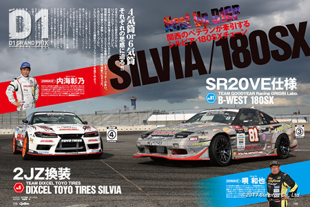 今月のオプション10月号の「Heat Up D1GP」では、今なおドリフターに支持されている車種、特に関西ドリフターに人気の高いシルビア&180SXチューンをピックアップ。ベテランD1ドライバーである内海と唄のマシンメイクをサンプルに最新のドリフトマシンメイクを検証してみた。パワー勝負のD1で戦うために2JZに換装した内海のシルビアは現代の競技向けシルビアの代表格。一方、唄の180SXは一般ユーザーが目指しやすいVEヘッド化SR20仕様になっている。2台の細かいスペックの違いにも注目してD1観戦をしても楽しんでみて欲しい。
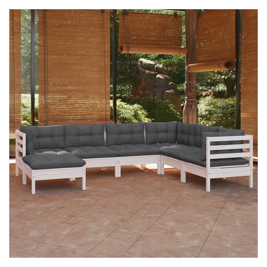 Ce salon de jardin est un excellent choix pour vous détendre et profiter du beau temps, faire une sieste ou discuter avec votre famille ou vos amis. Le salon de patio est fabriqué en bois de pin massif, ce qui le rend robuste et stable. Les coussins ajoutent un confort supplémentaire. Vous pouvez le combiner avec d’autres segments modulaires pour créer vos propres configurations de salon de jardin ! Remarque : afin de prolonger la durée de vie des meubles d'extérieur, nous vous recommandons de les protéger avec une housse imperméable.
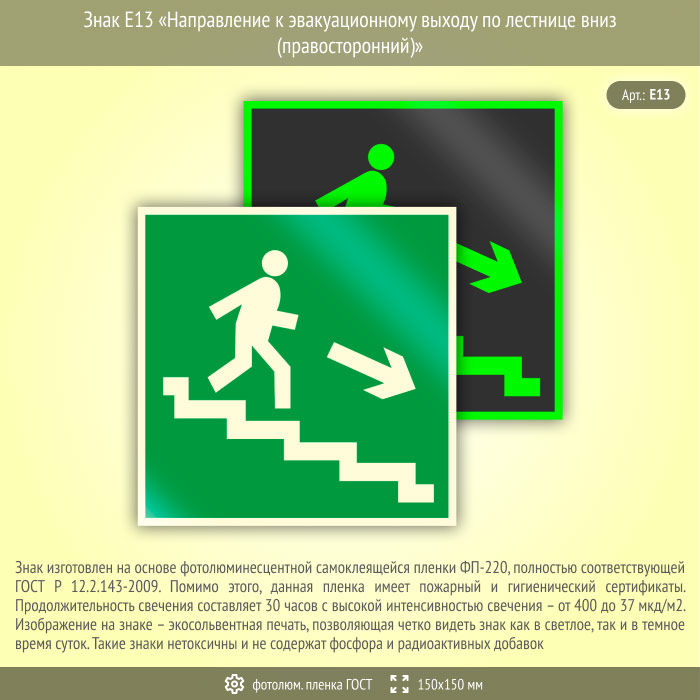 Знак E13 «Направление к эвакуационному выходу по лестнице вниз (правосторонний)» (фотолюминесцентная пленка ГОСТ 34428-2018, 150х150 мм) в Сургуте купить

◆ **Work to be completed**: Could you retype the whole listing word for word, minus its pictures?

◆ **Reply**:
 今月のオプション10月号の「Heat Up D1GP」では、今なおドリフターに支持されている車種、特に関西ドリフターに人気の高いシルビア&180SXチューンをピックアップ。ベテランD1ドライバーである内海と唄のマシンメイクをサンプルに最新のドリフトマシンメイクを検証してみた。パワー勝負のD1で戦うために2JZに換装した内海のシルビアは現代の競技向けシルビアの代表格。一方、唄の180SXは一般ユーザーが目指しやすいVEヘッド化SR20仕様になっている。2台の細かいスペックの違いにも注目してD1観戦をしても楽しんでみて欲しい。
 Ce salon de jardin est un excellent choix pour vous détendre et profiter du beau temps, faire une sieste ou discuter avec votre famille ou vos amis. Le salon de patio est fabriqué en bois de pin massif, ce qui le rend robuste et stable. Les coussins ajoutent un confort supplémentaire. Vous pouvez le combiner avec d’autres segments modulaires pour créer vos propres configurations de salon de jardin ! Remarque : afin de prolonger la durée de vie des meubles d'extérieur, nous vous recommandons de les protéger avec une housse imperméable.
 Знак E13 «Направление к эвакуационному выходу по лестнице вниз (правосторонний)» (фотолюминесцентная пленка ГОСТ 34428-2018, 150х150 мм) в Сургуте купить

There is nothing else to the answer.